From the entries below, print exactly the span beginning with the line holding "喜马拉雅盐灯 | 含开关1个灯泡3个 释压聚集能量场 负氧离子 空间净化 氛围灯" and ending with the line holding "会议首先由吴战勇宣读毕业实习", endpoints included, and skip any pictures.

START DATA FOR THE TASK

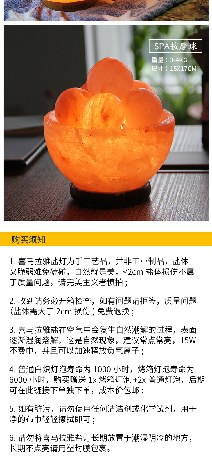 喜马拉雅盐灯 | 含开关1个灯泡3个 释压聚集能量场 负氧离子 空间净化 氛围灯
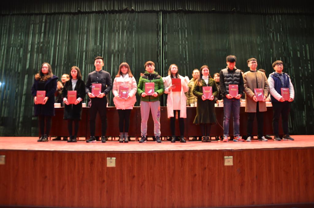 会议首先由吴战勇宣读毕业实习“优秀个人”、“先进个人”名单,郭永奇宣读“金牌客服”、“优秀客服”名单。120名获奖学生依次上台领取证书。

END DATA FOR THE TASK
START DATA FOR THE TASK

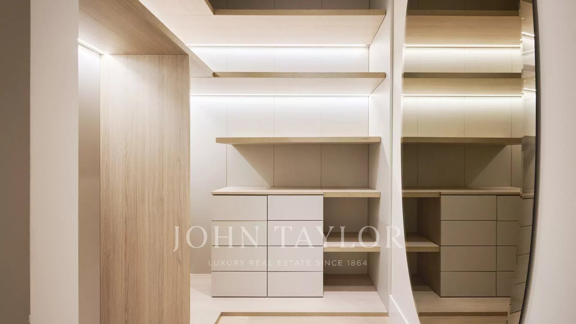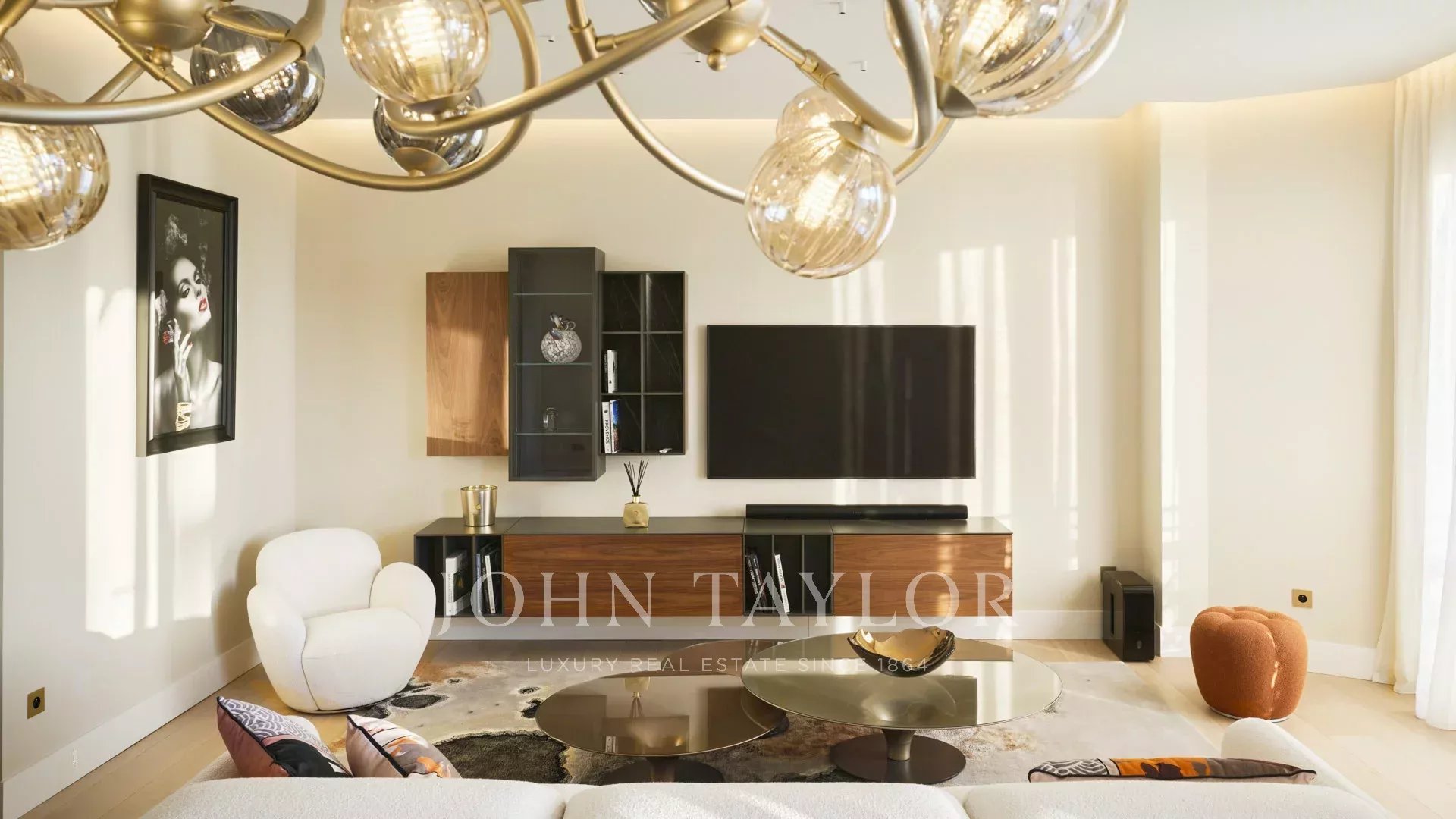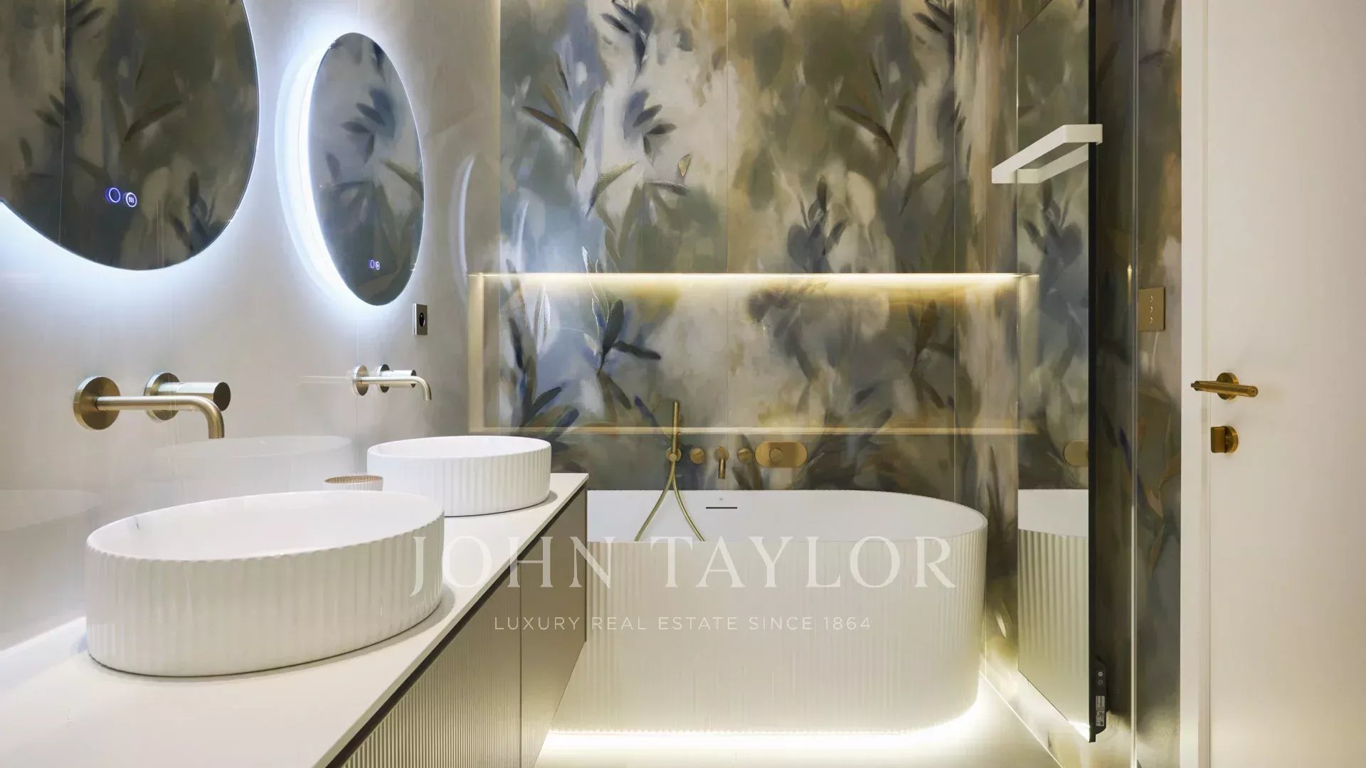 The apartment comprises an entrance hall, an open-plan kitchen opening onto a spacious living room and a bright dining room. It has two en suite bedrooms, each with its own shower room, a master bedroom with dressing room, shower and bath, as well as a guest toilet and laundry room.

END DATA FOR THE TASK

*RESULT FOR THIS EXERCISE*.
 喜马拉雅盐灯 | 含开关1个灯泡3个 释压聚集能量场 负氧离子 空间净化 氛围灯
 会议首先由吴战勇宣读毕业实习“优秀个人”、“先进个人”名单,郭永奇宣读“金牌客服”、“优秀客服”名单。120名获奖学生依次上台领取证书。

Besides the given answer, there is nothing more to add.